El escenario parece siempre el mismo: la calle del Ulm, la École Normale, La contrescarpe, Longchamp, Tournefort, la comida en Le Chope, las horas sentados frente a un texto que a menudo no se sabe qué espera antes, si la lectura o su traducción. Y entre tantas observaciones, una certeza: las palabras pertenecen a nuestro metabolismo. Daive retrata a Celan, lo viste a través del lenguaje y lo desviste a través de la fragilidad de la lengua. Habla del poeta y del amigo, y de cómo escribir sobre él es, describirle, de alguna manera significa traducirlo: “Una palabra es una palabra y traducirme es encontrar siempre la palabra adecuada. A veces es necesario dejarse llevar por la deriva del sentido. Es necesario volver de inmediato al punto de partida, retomar el sentido literal: es el apropiado”. En ocasiones, Daive habla de Celan como de un secreto que se aproxima lentamente hacia nosotros, como un ejercicio de deducción, como un poema que se extiende por los lugares que marcan sus paseos, por las mujeres que marcan su biografía. “Nada de palabras o imágenes, sino que reducía a una reja el mundo para dilucidarlo”. También este retrato es una reja mediante la cuál dilucidar a Celan.

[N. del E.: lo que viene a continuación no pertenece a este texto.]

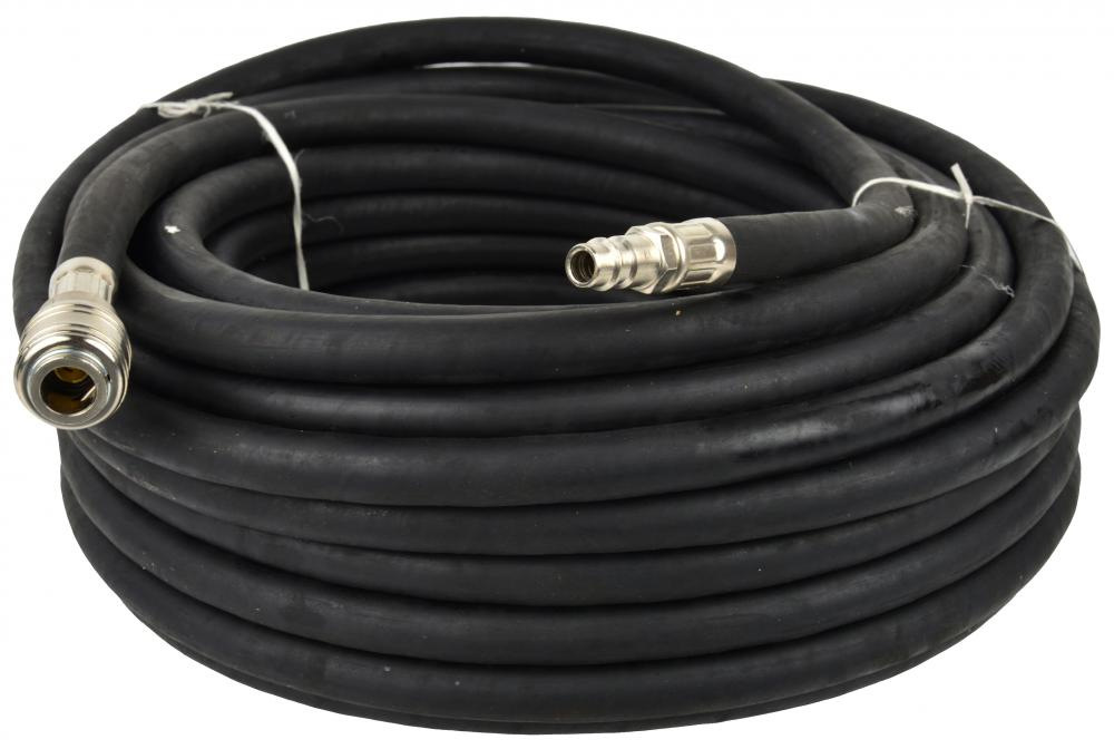 Profesionálna pneumatická gumová hadica dlhá 20 metrov. Hadica je vyrobená z materiálu odolného voči oleju a oderu. Flexibilná guma zabraňuje trvalej deformácii.

Daive salta a través del tiempo y las conversaciones; en ocasiones regresa, obsesivo, sobre un mismo episodio o una misma frase. A veces describe a Celan con toda la precisión imaginable y a veces es solo un fantasma de humo. O una evocación en palabras de un amigo (de Joerg Ortner, por ejemplo). O el tumulto que levanta en la Alemania de posguerra la costra de las heridas del genocidio. ¿Cómo se desenmaraña eso? ¿Cómo se lavan las palabras? Daive describe el rostro, el humor cambiante, la enfermedad y la reclusión; encuentra a Celan en sus conversaciones sobre Kafka, en la visita a Todtnauberg y el silencio de Heidegger, en el cruce de miradas con un Tarkovski en el exilo de Taormina. Y lo cierto es que nunca un libro tan breve, de escritura tan elíptica, ha desprendido tanto agotamiento, tanta necesidad de capturar una figura que se va descomponiendo entre las dobleces de sus versos. Cuesta no pensar en toda la imaginación que recoge Daive para escribir sobre Celan, en los nudos y las marañas, en la fragilidad de la lengua y los saltos de idioma, en la promesa de nuevas palabras que se ajusten a un nuevo mundo y en la sombra de aquel otro, el viejo, cuyas cicatrices históricas rompen las palabras. A propósito de Todtnauberg, dice Félix Duque: “él mismo [Celan] se sabía híbrido, y por tanto seguramente ‘monstruoso’ a sus propios ojos: de estirpe judía, pero de cultura y lengua alemanas”. Lo crudo, más tarde, de camino, evidente. Dice Celan en el mismo poema.

Celan son los paseos hilados a la memoria de Daive, las huellas, los gestos, las calles y los lugares. Cada pequeño detalle, cada fragmento rescatado del recuerdo, que el autor trae a colación para intentar acercar, como si fuera un astro a gran distancia, la figura de su amigo. En un libro breve, de una belleza a ratos apabullante y, por qué no decirlo, exigente, este es sin duda el mejor:

Se pone a llover, fuera. Fuera, llueve, se pone a llover y miro la lluvia. Miro a Paul ante la lluvia, a contraluz: tenso, cortante y sin verbo.

Lo siguiente en caer es la noche, y Celan con ella.